Rebecca Burtram

Desert (and Dessert) Seasons


I am devastated.

Okay, that might be a touch melodramatic, but I am seriously bummed. I applied for a job I really wanted, and I found out after work yesterday that I didn’t make it past the first round interview.

Now I’m sitting here wondering what to do with myself. Do I lick my wounds, work three times harder to make my writing dream come true, or put everything I have into my current teaching career and forget about writing, speaking, working for our church?

I think I made a step in the right direction by visiting The Cheesecake Factory last night and savoring some chocolate mouse and lemon raspberry cheesecakes. I’m not sure how it helped, but I know it did.

I have found that I can’t teach English full time, write part-time, work for the church part-time, be mom to my three very active kids, and be a foster mom. I know that realization might have seemed obvious to everyone reading this, but its harder to come to terms with when you are living it.

If I quit teaching, we will be poor and without health insurance. If I stop writing, I give up on my biggest dream. If I quit working with the church, I let my calling go. If Jon and I don’t make a home for kids without families, we neglect our convictions. If I give less time to my kids, I lose what is most important.

I wanted to be an instructional coach because working with teachers to improve instruction would have been an awesome job, and I would have gained endless hours of freedom through no longer having to grade a never ceasing stream of essays.

I love my students, and I love teaching English. I actually love everything I am doing. I just don’t have time to do it all.
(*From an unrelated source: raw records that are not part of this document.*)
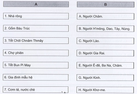 Câu 8: Hãy ghép các nội dung ở cột A với các dân tộc ở cột B sao cho phù hợp với những nét chính về đời sống vật chất và tinh thần của cộng đồng các dân tộc Việt Nam.
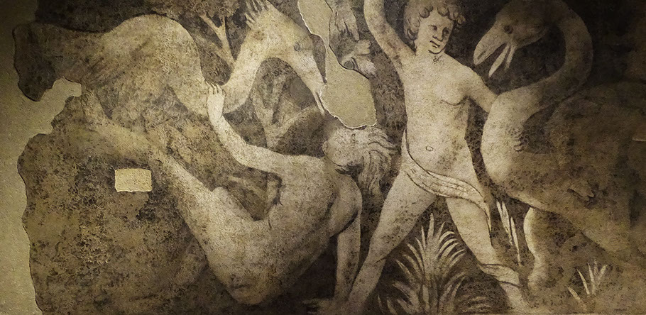 Tizian (1490-1576). Combattimenti di uomini e mostri. Abgelöstes Fresko von Fontego dei Tedeschi. Ca d'oro Venezia.
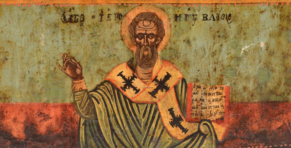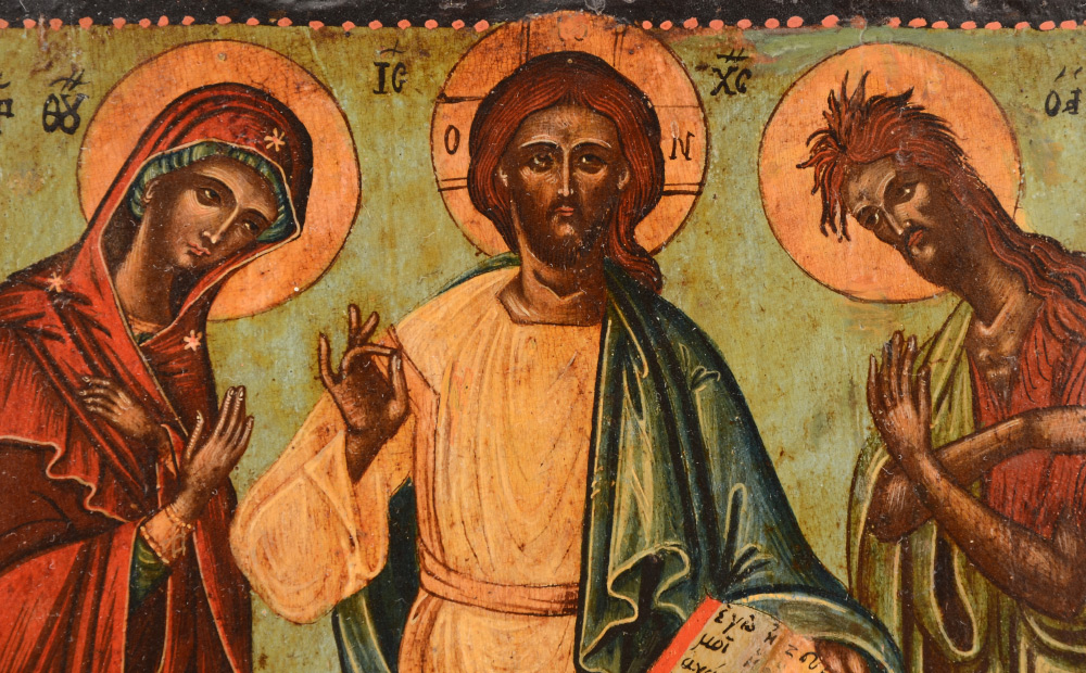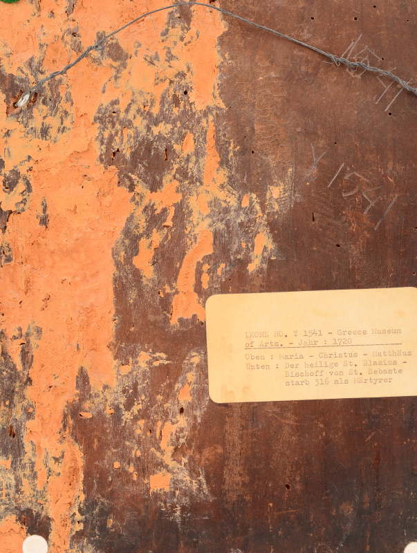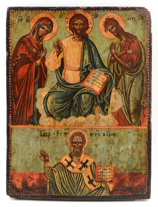 18TH? C. GREEK ICON: Christ, Mary and St. Matthew in the upper portion, St. Sebastian in the lower, 11 3/4'' x 8 1/4'', early museum label affixed verso, unframed.
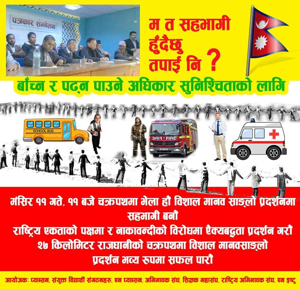 ‘बाँच्न र पढ्न देऊ’ भन्ने मुख्य नाराका साथ शुक्रबार बिहान ११ बजे कलङ्की, सातदोबाटो, कोटेश्वर, चाबहिल, महाराजगञ्ज चक्रपथ, बालाजु, स्वयम्भु हुँदै पुनःकलङ्कीसम्म मानव साङलो तयार गर्ने छन् ।

Recently, I’ve been a rock star parent and a grading goddess because I have cut what I do at the church by 75% and I have barely written. We have also been between foster placements this month.
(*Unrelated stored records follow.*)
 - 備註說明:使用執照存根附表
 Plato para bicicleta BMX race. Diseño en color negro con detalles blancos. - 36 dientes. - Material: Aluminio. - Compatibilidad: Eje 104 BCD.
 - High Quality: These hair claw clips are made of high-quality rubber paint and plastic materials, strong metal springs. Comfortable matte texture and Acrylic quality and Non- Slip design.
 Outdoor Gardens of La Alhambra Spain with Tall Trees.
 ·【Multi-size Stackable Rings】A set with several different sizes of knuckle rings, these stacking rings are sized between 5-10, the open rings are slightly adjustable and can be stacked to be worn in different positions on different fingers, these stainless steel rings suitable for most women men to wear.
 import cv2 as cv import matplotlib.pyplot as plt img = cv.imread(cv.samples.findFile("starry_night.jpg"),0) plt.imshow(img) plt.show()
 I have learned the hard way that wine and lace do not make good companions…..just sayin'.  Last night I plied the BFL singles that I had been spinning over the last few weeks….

It has hurt my heart to watch the gaps at church and the dwindling blog views.

Despite my soul consoling visit to The Cheesecake Factory last night, the lesson might be that I can’t have my cake and eat it too.
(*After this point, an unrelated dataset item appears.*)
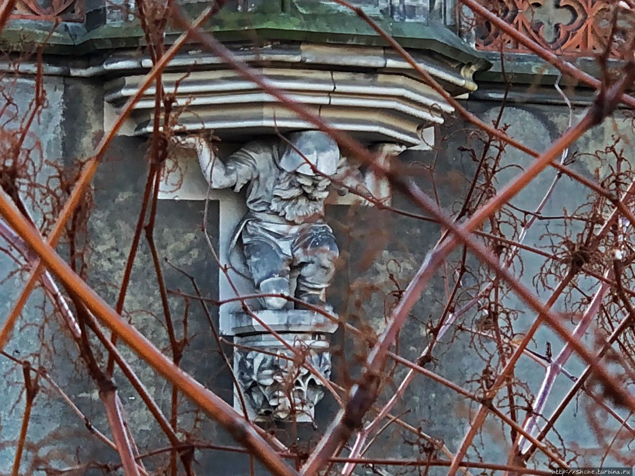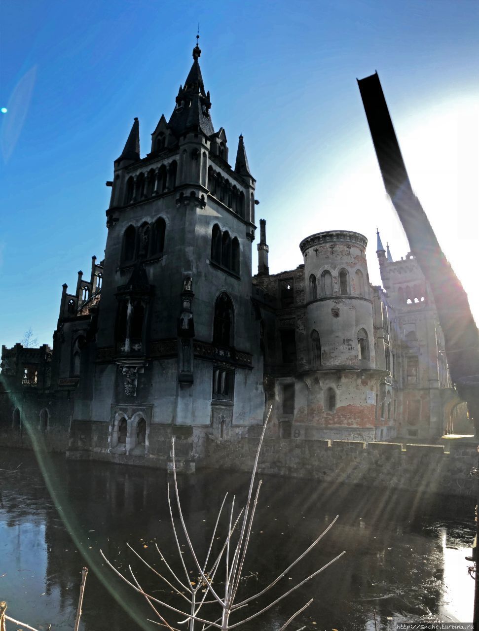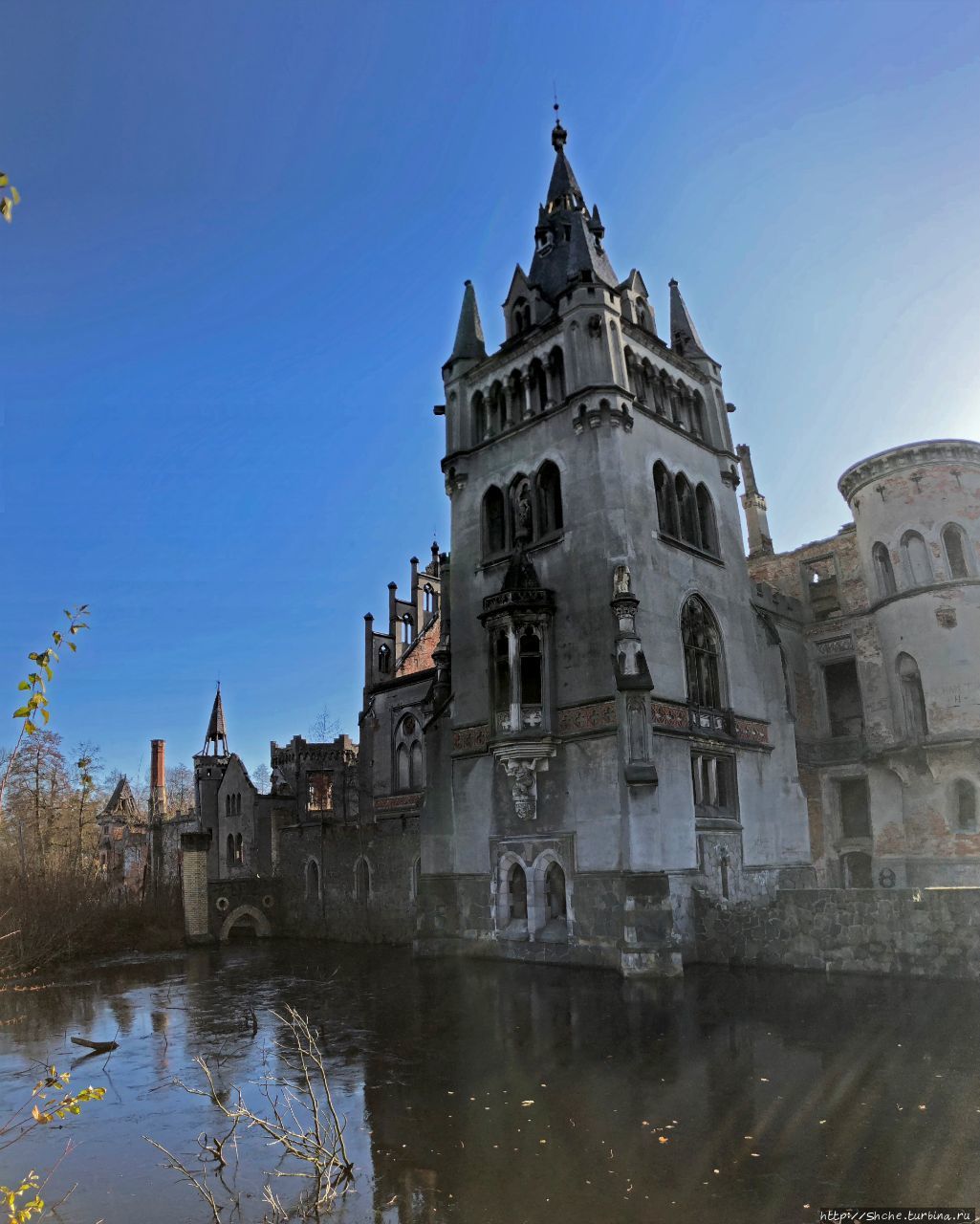 Вдоль водоема растет дикий кустарник, который затрудняет и прогулку вдоль берега, и обзор замка. Видимо мне повезло, что листва уже опала, и я смог хоть как-то рассмотреть это грандиозное даже в этом состоянии строение.

Or maybe, just maybe, the lesson I am learning is to trust God that he knows my dreams and the calling he has put on my life. I can be sullen and disappointed for a minute, but then I need to remember where God has brought me. I need to quit acting like the Israelites in the desert.

They only focused on their present discomforts instead of remembering the miraculous rescue, the daily provision, and the promised future.

Man that stings to write. I feel so convicted.

God, help me to keep my focus on your great works, your presence in the mundane, and the promises for my future. I am sorry that I quickly forget all your provision when I spend a little time in a desert season. Forgive me for my fickle heart and help me to always see the daily blessing. Teach me to trust you with all of my life. Amen





Right this minute, the first snow of the season is falling. Everything feels right as the dryer is whirring and the light flakes dusting the roads are shutting my commitments for the day down (I was supposed to coach my daughter’s youth basketball team this morning…because I needed something else to do…lol).

Although I’ve been up for a couple hours, everyone else is in the house is still fast asleep. We are all doing the same thing: dreaming.

We have always kept a busy schedule, but the addition of a teenage foster child has us running a little extra with meetings, home visits, counseling appointments, and trips to the doctor and dentist. In the past two months, we have had to reprioritize in order to make room in our lives for another family member.

My writing has been at a stand still, tasks at church have gone undone, and my pants have definitely felt the squeeze of our new normal.

Once again, I find myself in a place of trying to determine what is most important.

What have I learned?

I want a simplified life: work for the church, write books, speak at events, and have more time to spend with the kids and manage the home.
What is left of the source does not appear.